To find the length of CT, we can apply the Law of Cosines in triangle CMT:

\[
CT^2 = CM^2 + MT^2 - 2 \times CM \times MT \times \cos(\text{∠CMT})
\]

Substituting the given values:

\[
CT^2 = 450^2 + 300^2 - 2 \times 450 \times 300 \times \cos(60^\circ)
\]

\[
\cos(60^\circ) = 0.5
\]

So,

\[
CT^2 = 450^2 + 300^2 - 2 \times 450 \times 300 \times 0.5
\]

\[
CT^2 = 202500 + 90000 - 135000 = 157500
\]

\[
CT = \sqrt{157500} \approx 397 \text{ meters}
\]

#### (iii) Find the length of the road DJ

To find the length of the road DJ, we need to use the fact that D is 100 meters east of M along the east-west line. Since DJ is perpendicular to CT and joins at J, we need to calculate the perpendicular distance from D to line CT.

Let's denote:

- \( x \) as the distance from M to the perpendicular point J on CT.

Using trigonometry:

\[
\sin(60^\circ) = \frac{x}{450} \quad \text{and} \quad x = 450 \times \sin(60^\circ)
\]

\[
x = 450 \times \frac{\sqrt{3}}{2} \approx 389.71 \text{ meters}
\]

Now, the length DJ (since D is 100 meters east of M):

\[
DJ = |389.71 - 100| \approx 290 \text{ meters}
\]

### Summary of Results:
- (i) The internal angle ∠CMT is **60°**.
- (ii) The distance between the castle and the temple (CT) is approximately **397 meters**.
- (iii) The length of the road DJ is approximately **290 meters**.

---

Would you like more details or have any further questions? Here are some related questions you might find interesting:

1. How does the Law of Cosines apply in different triangle configurations?
2. What is the significance of the internal angle in solving triangle-related problems?
3. How can trigonometry be used to solve real-world navigation problems?
4. Can the Pythagorean theorem be used in this problem? If so, where?
5. How would the solution change if the roads were not straight lines?
6. What are the practical applications of these trigonometric calculations?
7. How would the scenario change if the terrain was not flat?
8. What other mathematical techniques can be used to solve similar geometry problems?

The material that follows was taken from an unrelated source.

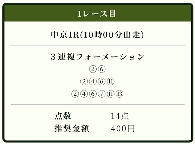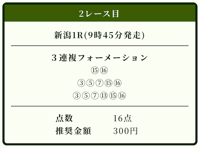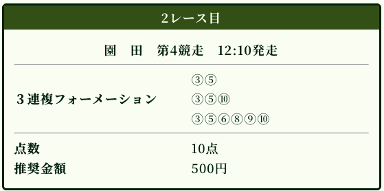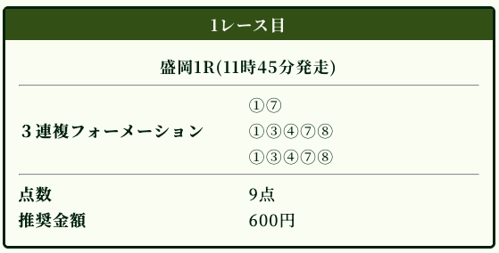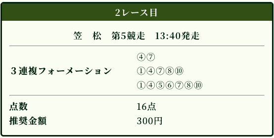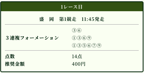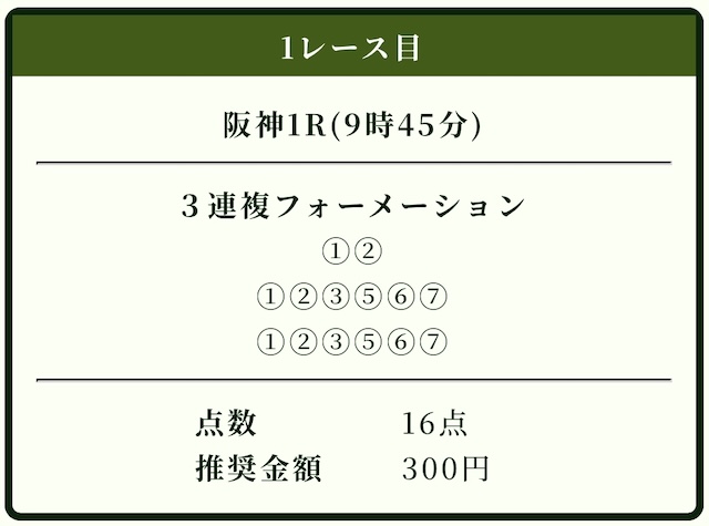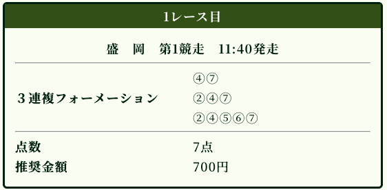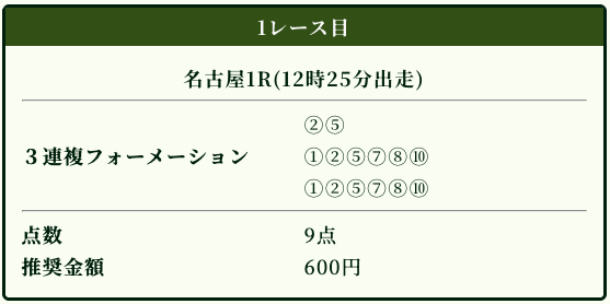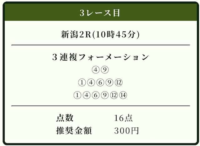 推奨馬券代 | 1点200円前後 1レース5,600円前後 |

**Tip:** When using the Law of Cosines, make sure to correctly identify the angles and sides in relation to each other.

Explore a trigonometry problem involving an ancient city layout, where distances and angles are calculated using the Law of Cosines. Learn how to determine internal angles and side lengths in triangles based on given archaeological data. Suitable for Grades 10-12 students and anyone interested in practical trigonometric applications.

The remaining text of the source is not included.